(Exercise inputs Opens)

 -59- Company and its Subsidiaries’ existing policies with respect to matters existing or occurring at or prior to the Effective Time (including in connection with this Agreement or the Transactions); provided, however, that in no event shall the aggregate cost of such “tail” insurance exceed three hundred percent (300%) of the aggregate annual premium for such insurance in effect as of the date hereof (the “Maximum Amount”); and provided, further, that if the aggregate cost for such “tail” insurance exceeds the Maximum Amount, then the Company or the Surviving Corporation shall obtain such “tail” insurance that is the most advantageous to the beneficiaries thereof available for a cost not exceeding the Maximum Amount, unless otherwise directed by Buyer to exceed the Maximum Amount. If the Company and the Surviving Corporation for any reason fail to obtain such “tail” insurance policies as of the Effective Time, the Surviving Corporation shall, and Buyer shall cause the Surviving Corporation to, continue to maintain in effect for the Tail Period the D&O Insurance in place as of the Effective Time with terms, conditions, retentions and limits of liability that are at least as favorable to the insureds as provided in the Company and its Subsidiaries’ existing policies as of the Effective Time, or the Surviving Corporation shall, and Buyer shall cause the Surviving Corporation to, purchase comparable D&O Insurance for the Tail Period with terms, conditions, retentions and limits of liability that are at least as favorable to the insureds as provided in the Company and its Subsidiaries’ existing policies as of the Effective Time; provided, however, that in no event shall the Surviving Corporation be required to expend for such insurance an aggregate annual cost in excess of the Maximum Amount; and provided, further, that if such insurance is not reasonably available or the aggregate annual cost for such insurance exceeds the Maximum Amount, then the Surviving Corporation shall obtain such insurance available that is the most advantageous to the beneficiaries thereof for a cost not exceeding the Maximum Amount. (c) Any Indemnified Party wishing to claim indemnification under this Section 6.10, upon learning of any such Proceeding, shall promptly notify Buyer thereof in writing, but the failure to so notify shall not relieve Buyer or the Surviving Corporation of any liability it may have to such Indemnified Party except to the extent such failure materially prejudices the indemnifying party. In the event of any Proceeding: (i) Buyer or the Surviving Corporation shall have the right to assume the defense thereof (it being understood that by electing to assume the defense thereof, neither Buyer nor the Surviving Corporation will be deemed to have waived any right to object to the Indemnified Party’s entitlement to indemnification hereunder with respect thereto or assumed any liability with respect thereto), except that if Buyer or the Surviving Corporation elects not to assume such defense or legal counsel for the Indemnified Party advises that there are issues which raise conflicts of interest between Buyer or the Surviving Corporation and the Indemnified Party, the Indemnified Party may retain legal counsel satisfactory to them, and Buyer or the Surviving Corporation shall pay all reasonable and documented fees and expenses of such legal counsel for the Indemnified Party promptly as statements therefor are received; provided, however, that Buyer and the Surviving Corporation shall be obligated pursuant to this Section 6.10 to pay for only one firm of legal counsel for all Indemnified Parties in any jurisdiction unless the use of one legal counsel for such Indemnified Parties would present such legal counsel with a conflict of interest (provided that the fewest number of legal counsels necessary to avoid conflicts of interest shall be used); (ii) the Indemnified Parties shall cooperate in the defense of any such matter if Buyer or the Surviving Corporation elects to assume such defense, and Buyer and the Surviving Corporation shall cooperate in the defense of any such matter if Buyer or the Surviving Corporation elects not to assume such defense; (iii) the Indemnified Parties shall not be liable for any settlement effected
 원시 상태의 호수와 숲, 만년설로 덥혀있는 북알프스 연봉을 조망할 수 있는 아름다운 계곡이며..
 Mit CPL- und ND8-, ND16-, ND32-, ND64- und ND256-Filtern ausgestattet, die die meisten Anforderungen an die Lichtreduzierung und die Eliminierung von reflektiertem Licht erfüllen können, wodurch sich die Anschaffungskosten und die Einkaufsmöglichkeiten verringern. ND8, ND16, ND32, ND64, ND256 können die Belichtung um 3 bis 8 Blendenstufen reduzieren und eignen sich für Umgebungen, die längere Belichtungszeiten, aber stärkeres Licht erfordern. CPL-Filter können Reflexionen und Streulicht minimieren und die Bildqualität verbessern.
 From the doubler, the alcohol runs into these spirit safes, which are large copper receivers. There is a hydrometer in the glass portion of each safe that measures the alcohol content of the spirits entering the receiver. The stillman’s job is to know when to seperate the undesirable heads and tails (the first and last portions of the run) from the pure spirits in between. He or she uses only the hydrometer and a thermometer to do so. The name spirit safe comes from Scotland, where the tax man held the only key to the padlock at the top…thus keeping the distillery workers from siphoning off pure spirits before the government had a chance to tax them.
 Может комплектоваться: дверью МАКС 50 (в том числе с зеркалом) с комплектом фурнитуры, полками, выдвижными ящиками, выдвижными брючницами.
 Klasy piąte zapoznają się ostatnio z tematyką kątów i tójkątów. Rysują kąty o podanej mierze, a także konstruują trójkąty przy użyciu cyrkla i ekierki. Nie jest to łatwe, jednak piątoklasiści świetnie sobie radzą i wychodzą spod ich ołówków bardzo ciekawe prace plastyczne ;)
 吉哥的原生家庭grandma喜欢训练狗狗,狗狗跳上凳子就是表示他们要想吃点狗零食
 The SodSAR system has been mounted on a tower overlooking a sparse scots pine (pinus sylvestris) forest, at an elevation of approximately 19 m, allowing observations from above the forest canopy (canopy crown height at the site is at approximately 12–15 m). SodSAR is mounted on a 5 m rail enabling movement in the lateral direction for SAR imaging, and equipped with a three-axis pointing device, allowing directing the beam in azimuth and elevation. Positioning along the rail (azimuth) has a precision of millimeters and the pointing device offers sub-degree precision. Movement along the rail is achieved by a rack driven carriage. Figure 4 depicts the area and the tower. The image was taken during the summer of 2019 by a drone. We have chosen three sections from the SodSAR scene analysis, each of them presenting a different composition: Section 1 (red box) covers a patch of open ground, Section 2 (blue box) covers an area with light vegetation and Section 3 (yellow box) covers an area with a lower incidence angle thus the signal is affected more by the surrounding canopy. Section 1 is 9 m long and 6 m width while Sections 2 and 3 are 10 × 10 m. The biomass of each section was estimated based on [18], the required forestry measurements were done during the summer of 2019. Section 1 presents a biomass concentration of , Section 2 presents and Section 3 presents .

(Exercise inputs Closes)

Write out the full set of records exactly as given.

 -59- Company and its Subsidiaries’ existing policies with respect to matters existing or occurring at or prior to the Effective Time (including in connection with this Agreement or the Transactions); provided, however, that in no event shall the aggregate cost of such “tail” insurance exceed three hundred percent (300%) of the aggregate annual premium for such insurance in effect as of the date hereof (the “Maximum Amount”); and provided, further, that if the aggregate cost for such “tail” insurance exceeds the Maximum Amount, then the Company or the Surviving Corporation shall obtain such “tail” insurance that is the most advantageous to the beneficiaries thereof available for a cost not exceeding the Maximum Amount, unless otherwise directed by Buyer to exceed the Maximum Amount. If the Company and the Surviving Corporation for any reason fail to obtain such “tail” insurance policies as of the Effective Time, the Surviving Corporation shall, and Buyer shall cause the Surviving Corporation to, continue to maintain in effect for the Tail Period the D&O Insurance in place as of the Effective Time with terms, conditions, retentions and limits of liability that are at least as favorable to the insureds as provided in the Company and its Subsidiaries’ existing policies as of the Effective Time, or the Surviving Corporation shall, and Buyer shall cause the Surviving Corporation to, purchase comparable D&O Insurance for the Tail Period with terms, conditions, retentions and limits of liability that are at least as favorable to the insureds as provided in the Company and its Subsidiaries’ existing policies as of the Effective Time; provided, however, that in no event shall the Surviving Corporation be required to expend for such insurance an aggregate annual cost in excess of the Maximum Amount; and provided, further, that if such insurance is not reasonably available or the aggregate annual cost for such insurance exceeds the Maximum Amount, then the Surviving Corporation shall obtain such insurance available that is the most advantageous to the beneficiaries thereof for a cost not exceeding the Maximum Amount. (c) Any Indemnified Party wishing to claim indemnification under this Section 6.10, upon learning of any such Proceeding, shall promptly notify Buyer thereof in writing, but the failure to so notify shall not relieve Buyer or the Surviving Corporation of any liability it may have to such Indemnified Party except to the extent such failure materially prejudices the indemnifying party. In the event of any Proceeding: (i) Buyer or the Surviving Corporation shall have the right to assume the defense thereof (it being understood that by electing to assume the defense thereof, neither Buyer nor the Surviving Corporation will be deemed to have waived any right to object to the Indemnified Party’s entitlement to indemnification hereunder with respect thereto or assumed any liability with respect thereto), except that if Buyer or the Surviving Corporation elects not to assume such defense or legal counsel for the Indemnified Party advises that there are issues which raise conflicts of interest between Buyer or the Surviving Corporation and the Indemnified Party, the Indemnified Party may retain legal counsel satisfactory to them, and Buyer or the Surviving Corporation shall pay all reasonable and documented fees and expenses of such legal counsel for the Indemnified Party promptly as statements therefor are received; provided, however, that Buyer and the Surviving Corporation shall be obligated pursuant to this Section 6.10 to pay for only one firm of legal counsel for all Indemnified Parties in any jurisdiction unless the use of one legal counsel for such Indemnified Parties would present such legal counsel with a conflict of interest (provided that the fewest number of legal counsels necessary to avoid conflicts of interest shall be used); (ii) the Indemnified Parties shall cooperate in the defense of any such matter if Buyer or the Surviving Corporation elects to assume such defense, and Buyer and the Surviving Corporation shall cooperate in the defense of any such matter if Buyer or the Surviving Corporation elects not to assume such defense; (iii) the Indemnified Parties shall not be liable for any settlement effected
 원시 상태의 호수와 숲, 만년설로 덥혀있는 북알프스 연봉을 조망할 수 있는 아름다운 계곡이며..
 Mit CPL- und ND8-, ND16-, ND32-, ND64- und ND256-Filtern ausgestattet, die die meisten Anforderungen an die Lichtreduzierung und die Eliminierung von reflektiertem Licht erfüllen können, wodurch sich die Anschaffungskosten und die Einkaufsmöglichkeiten verringern. ND8, ND16, ND32, ND64, ND256 können die Belichtung um 3 bis 8 Blendenstufen reduzieren und eignen sich für Umgebungen, die längere Belichtungszeiten, aber stärkeres Licht erfordern. CPL-Filter können Reflexionen und Streulicht minimieren und die Bildqualität verbessern.
 From the doubler, the alcohol runs into these spirit safes, which are large copper receivers. There is a hydrometer in the glass portion of each safe that measures the alcohol content of the spirits entering the receiver. The stillman’s job is to know when to seperate the undesirable heads and tails (the first and last portions of the run) from the pure spirits in between. He or she uses only the hydrometer and a thermometer to do so. The name spirit safe comes from Scotland, where the tax man held the only key to the padlock at the top…thus keeping the distillery workers from siphoning off pure spirits before the government had a chance to tax them.
 Может комплектоваться: дверью МАКС 50 (в том числе с зеркалом) с комплектом фурнитуры, полками, выдвижными ящиками, выдвижными брючницами.
 Klasy piąte zapoznają się ostatnio z tematyką kątów i tójkątów. Rysują kąty o podanej mierze, a także konstruują trójkąty przy użyciu cyrkla i ekierki. Nie jest to łatwe, jednak piątoklasiści świetnie sobie radzą i wychodzą spod ich ołówków bardzo ciekawe prace plastyczne ;)
 吉哥的原生家庭grandma喜欢训练狗狗,狗狗跳上凳子就是表示他们要想吃点狗零食
 The SodSAR system has been mounted on a tower overlooking a sparse scots pine (pinus sylvestris) forest, at an elevation of approximately 19 m, allowing observations from above the forest canopy (canopy crown height at the site is at approximately 12–15 m). SodSAR is mounted on a 5 m rail enabling movement in the lateral direction for SAR imaging, and equipped with a three-axis pointing device, allowing directing the beam in azimuth and elevation. Positioning along the rail (azimuth) has a precision of millimeters and the pointing device offers sub-degree precision. Movement along the rail is achieved by a rack driven carriage. Figure 4 depicts the area and the tower. The image was taken during the summer of 2019 by a drone. We have chosen three sections from the SodSAR scene analysis, each of them presenting a different composition: Section 1 (red box) covers a patch of open ground, Section 2 (blue box) covers an area with light vegetation and Section 3 (yellow box) covers an area with a lower incidence angle thus the signal is affected more by the surrounding canopy. Section 1 is 9 m long and 6 m width while Sections 2 and 3 are 10 × 10 m. The biomass of each section was estimated based on [18], the required forestry measurements were done during the summer of 2019. Section 1 presents a biomass concentration of , Section 2 presents and Section 3 presents .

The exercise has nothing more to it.